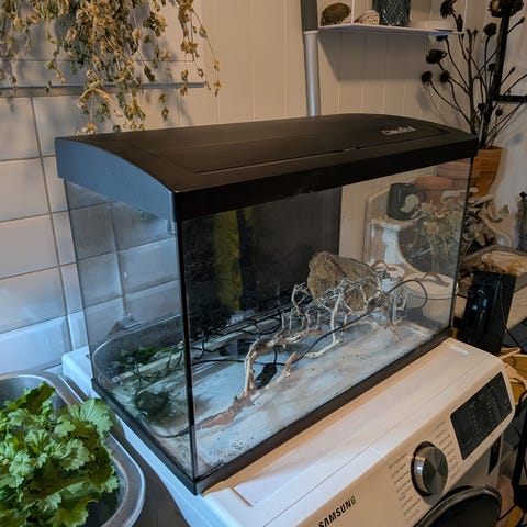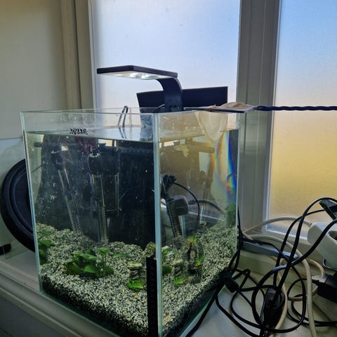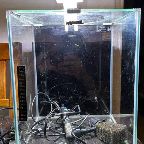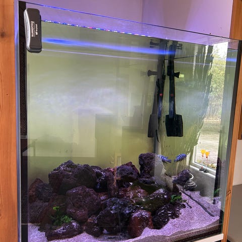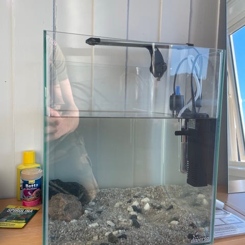 Karet er fylt og testet, all silikon er tett og pumpen virker som den skal. Om det ønskelig å få fortgang i innkjøringen kan jeg også sende med filterguffe fra mine innkjørte kar. Dette er et pent kar med buede fronter som gjør at det får et flott uttrykk. Passer perfekt til feks, neocaridina reker, pygmepansermalle, stjernedanio, dvergtannkarpe, otto, rubintetra, mikro krabbe ol.
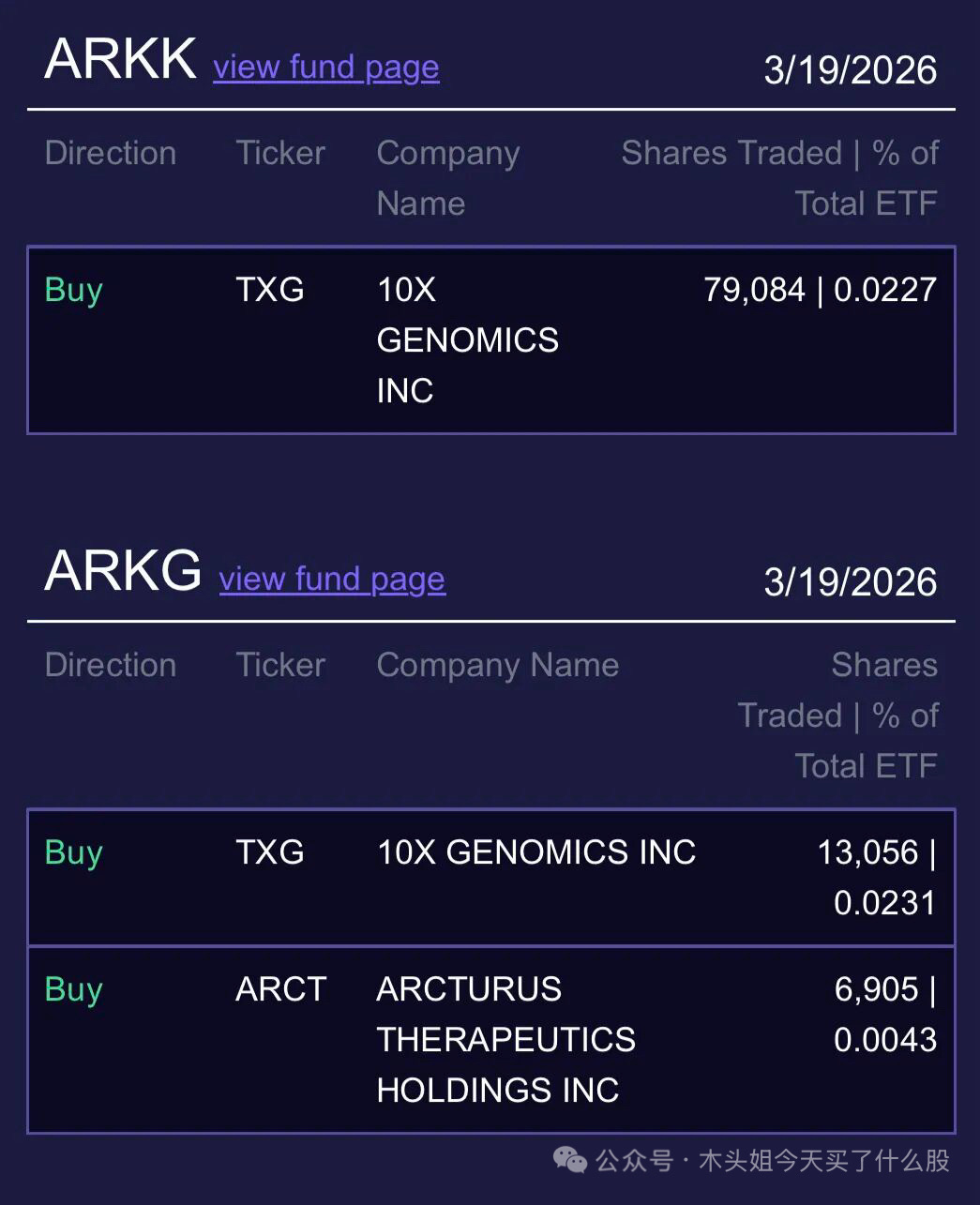 木头姐买入170万美元TXG、4.6万美元ARCT。这两天木头姐没怎么买卖,留着钱憋大招吗?
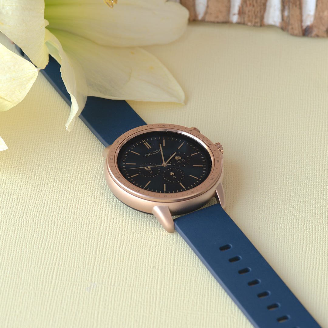 Rose gold coloured OOZOO smartwatch with dark blue rubber strap - Q00326
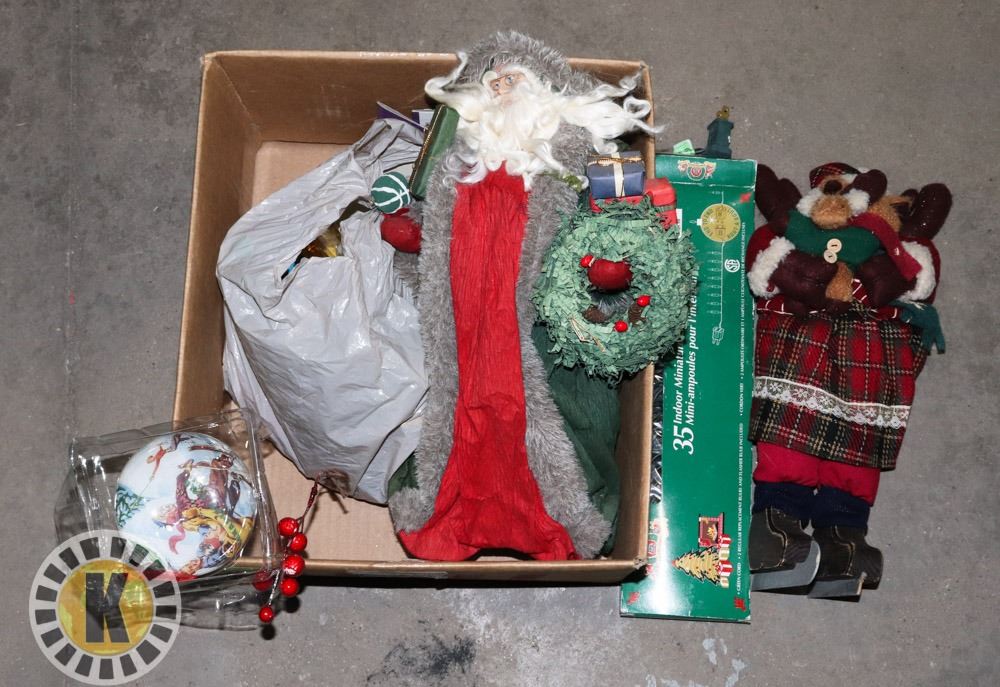 BOX OF ASSORTED CHRISTMAS DECORATIONS

+ + +

Your copy of the material above should be exact and free of pictures.

Written answer:
 Karet er fylt og testet, all silikon er tett og pumpen virker som den skal. Om det ønskelig å få fortgang i innkjøringen kan jeg også sende med filterguffe fra mine innkjørte kar. Dette er et pent kar med buede fronter som gjør at det får et flott uttrykk. Passer perfekt til feks, neocaridina reker, pygmepansermalle, stjernedanio, dvergtannkarpe, otto, rubintetra, mikro krabbe ol.
 木头姐买入170万美元TXG、4.6万美元ARCT。这两天木头姐没怎么买卖,留着钱憋大招吗?
 Rose gold coloured OOZOO smartwatch with dark blue rubber strap - Q00326
 BOX OF ASSORTED CHRISTMAS DECORATIONS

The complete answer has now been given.